When those costs hit, boards often cover the gap with a special assessment. And then unit owners start asking a fair question: who was supposed to pay for this?

The answer usually comes down to one phrase in your master policy. Is it “all-in” or “bare walls”? Most board members have never been told which one their association carries. So let’s break down the difference, why it matters right now, and what your board should check before the next renewal.

What your master policy actually covers

Every condo association carries a master policy. It insures the building and the common elements. Under the Illinois Condominium Property Act, your association must insure those elements and the units for full replacement cost, and it must carry liability coverage too (765 ILCS 605/12).

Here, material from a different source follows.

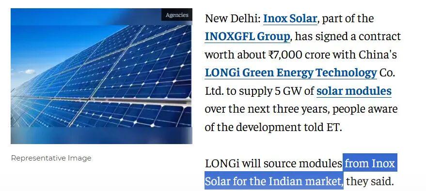 近期,国内外社交平台流传“中国太阳能要从印度进口产能”“出现罕见的角色转换”的消息,并转载报道称,“中国的隆基绿能将向印企Inox Solar采购价值700亿卢比的总计500万千瓦时的组件,订单为期三年。”

But the Act does not say where the master policy stops and each owner’s policy begins. Instead, your declaration and the master policy form draw that line. And that is exactly where “all-in” versus “bare walls” comes in.

All-in coverage

An all-in policy goes the furthest. It covers the building, the common elements, and the original fixtures inside each unit. Think cabinets, flooring, and the layout as the unit was first built.

So after a covered loss, the association’s policy rebuilds most of the unit itself. Owners usually pay only for their personal belongings and any upgrades they added.

Bare walls coverage

A bare walls policy covers less. It protects the building structure and common elements, but it stops at the unfinished interior. In other words, it reaches the studs, subfloor, and ceiling, and no further.

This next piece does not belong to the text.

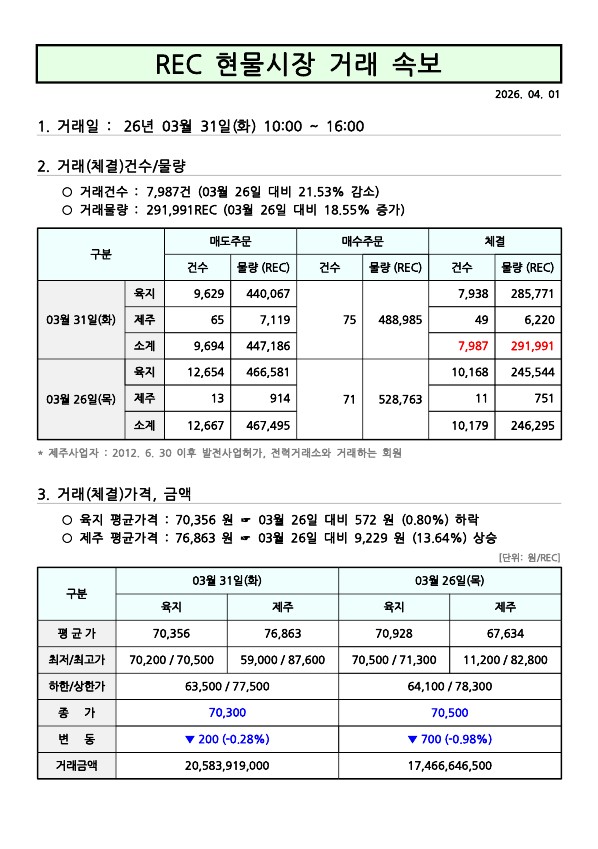 26년 03월 9차(03월 31일) 현물시장 속보 페이지 정보 작성자 관리자 작성일26-04-01 08:38 조회38회 댓글0건 관련링크 이전글 다음글 목록 본문 댓글목록 등록된 댓글이 없습니다. 이전글 다음글 목록

Everything inside that shell becomes the owner’s job to insure. That means drywall, flooring, cabinets, appliances, and fixtures, all through their own HO-6 policy. As a result, the same kitchen fire can produce two very different bills, depending on which structure your association uses.

Why this leads to special assessments

Here is the part that catches boards off guard. Sometimes a loss costs more than the master policy covers. Other times it falls into a gap between the master policy and owners’ individual coverage. Either way, the shortfall does not vanish.

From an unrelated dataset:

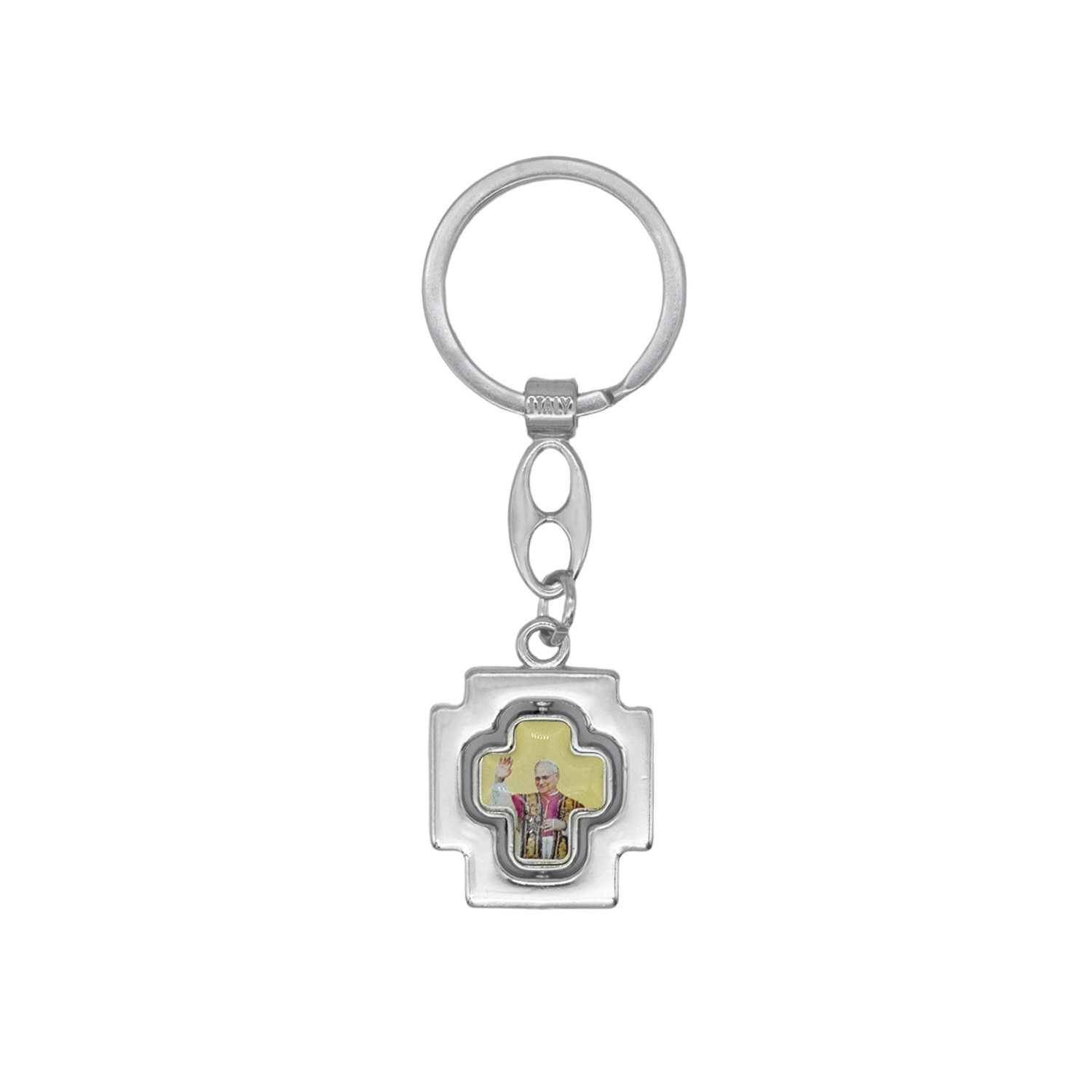 Este llavero presenta un colgante en forma de cruz con la imagen del Papa León XIV. Fabricado en metal.

The association absorbs it. And under 765 ILCS 605/18, the board can then levy a special assessment to make up the difference. The gap tends to open up in a few common ways:

  • High master deductibles. Deductibles have climbed sharply. If yours is $25,000 or $50,000, a single water loss can fall entirely on the association before the policy pays a cent. Then that cost flows to owners as an assessment.
  • Bare walls coverage that owners don’t match. Suppose your association is bare walls, but an owner carries a thin HO-6 policy. Now the unrepaired interior becomes a problem for the whole building.
  • Underinsured replacement cost. Older Chicago buildings often cost far more to rebuild to current code than their limits assume. So associations come up short after a major loss.

Illinois does give owners one check on runaway costs. Under 765 ILCS 605/18, owners holding at least 20% of the votes can petition for a vote when assessments would rise more than 115% over the prior year. Still, that is a reaction to a problem, not a way to prevent one. The better path is simpler: understand the coverage structure and close the gaps before a loss ever happens.

What your board should check before renewal

Use this short checklist at your next renewal or board meeting.

  1. Find out which structure you have. Read your master policy declarations page, or just ask your agent. Does it say all-in, all-inclusive, single entity, or bare walls? If no one on the board knows, that is your first red flag.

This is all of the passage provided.